Geplaatst door CorporatieMedia op
 

Steeds meer huurders krijgen te maken met tijdelijke huurcontracten. Opvallend, omdat dit type contract zo’n twintig jaar geleden nog amper voorkwam in Nederland. Welk effect heeft dit fenomeen en hoe wenselijk is dat eigenlijk? Carla Huisman, nu postdoctoraal onderzoeker aan de TU Delft, deed aan de Rijksuniversiteit Groningen onderzoek naar de trend: “Er vindt een stille verschuiving naar tijdelijkheid plaats en over de gevolgen ervan is nog maar weinig bekend.”

Alle ‘niet vaste huurcontracten’ vallen volgens Carla onder de noemer tijdelijk huurcontract. De opkomst van deze soort contracten noemt ze een stille verschuiving die desondanks onder de radar blijft. “Ik ben zelf woononderzoeker en merkte anekdotisch dat steeds meer mensen hiermee te maken kregen. Maar deze verandering was vervolgens niet terug te zien in de statistiek.”

Slechte registratie
Daarom besloot Carla dieper in het fenomeen te duiken, maar ook tijdens haar onderzoek bleek het lastig cijfers te vinden over de opmars. Zo waren er in 2017 bij woningcorporaties zo’n 80.000 tijdelijke huurcontracten volgens het CBS, maar is dat volgens Carla slechts een onderschatting: “Je merkt namelijk dat de registratie van dit soort contracten slecht is waardoor het werkelijke aantal waarschijnlijk hoger ligt. Ook is de hoeveelheid niet bekend bij andere organisaties, zoals Aedes of in het WoON-onderzoek. Wanneer je kleiner kijkt en je inzoomt op één stad of doelgroep, kun je soms wel cijfers vinden. In mijn proefschrift is bijvoorbeeld gekeken naar Amsterdam en daar zie je dat de meerderheid van jongeren tussen de 18 en 23 jaar – dus niet alleen studenten – een tijdelijk huurcontract hebben.”

Zekerheid in wonen
Waar vaak als reden gegeven wordt dat tijdelijke contracten helpen de doorstroming te bevorderen in een vastzittende markt, ligt de realiteit volgens Carla genuanceerder. “Neem studenten als voorbeeld. Er wordt vaak gedacht ‘een tijdelijk contract hoort er voor hen bij’. Maar het is vaak niet zo dat ze direct na hun studie een woning kunnen krijgen.”

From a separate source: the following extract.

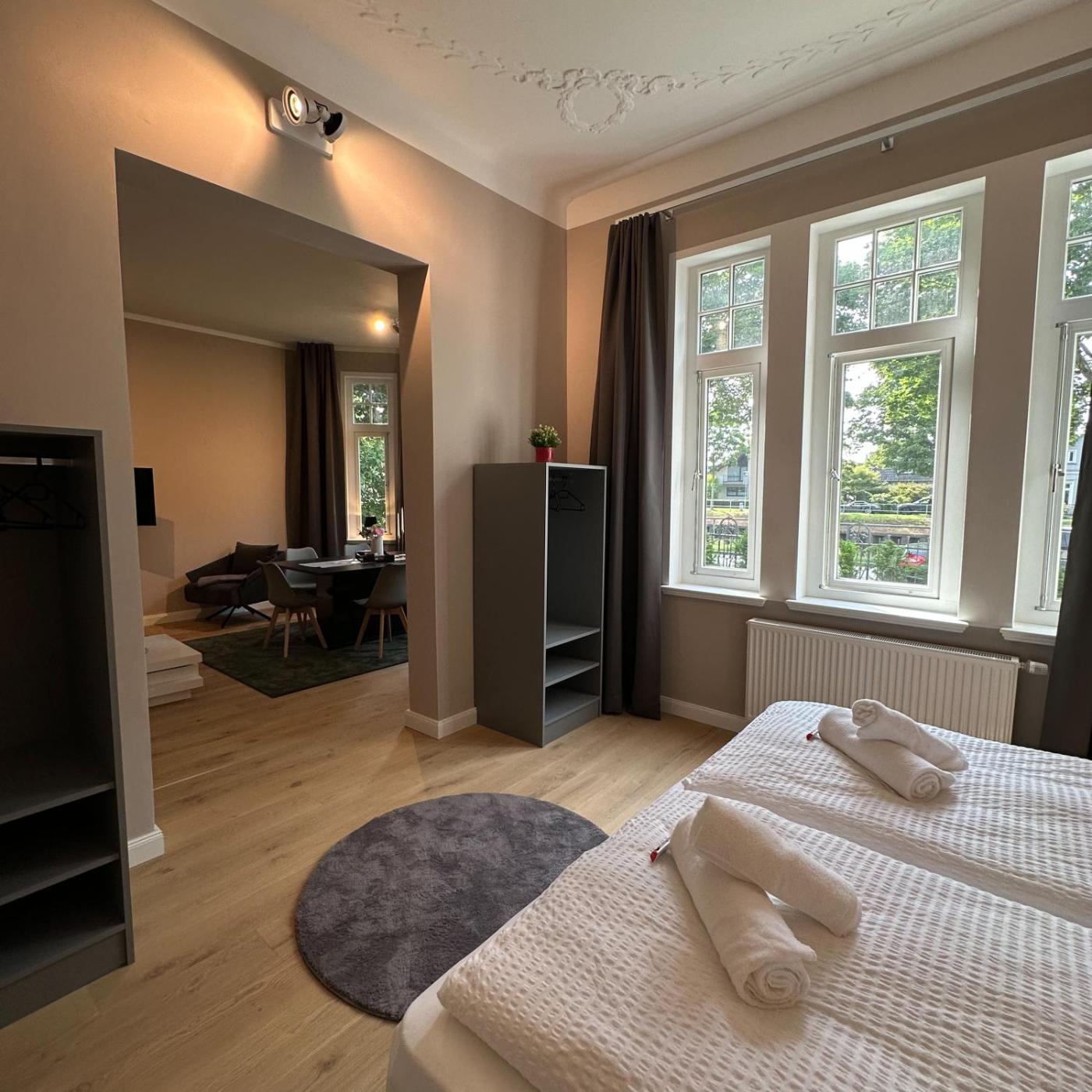 Die Unterkunft Uferresidenz - Altbau-Juwel mit Terrasse, Garten und Wasserblick ist gelegen in Oldenburg, 900 m von Cäcilienbrücke, 900 m von Landesmuseum für Kunst und Kulturgeschichte und 900 m von Landesmuseum Natur und Mensch entfernt. Sie bietet Gartenblick und kostenloses WLAN in der ganzen Unterkunft.

Daarnaast is het hebben van woonruimte een levensbehoefte. “Daardoor hebben mensen behoefte aan zekerheid in hun wonen. Wanneer je niet weet wanneer je uit je woning moet, of wat er überhaupt gaat gebeuren wanneer je contract afloopt, kan dat enorm negatieve gevolgen hebben. Dit geldt voor huurders in de vrije sector, in de sociale sector én bij studenten.”

Afstappen van traditie
De verschuiving van vaste naar tijdelijke huurcontracten is een opmerkelijke, meldt Carla in haar onderzoek. Gedurende het grootste gedeelte van de twintigste eeuw – toen het overgrote deel van de populatie haar huis huurde – had iedereen een vast contract. “Dit gaf huurders sterke huurdersrechten: ze konden alleen uit huis worden gezet wanneer er sprake was van grote overlast of verzaking van huurbetaling. Ook kon de huur niet meer worden verhoogd dan jaarlijks was toegestaan en stond de huurprijs bij het afsluiten van het contract vast.”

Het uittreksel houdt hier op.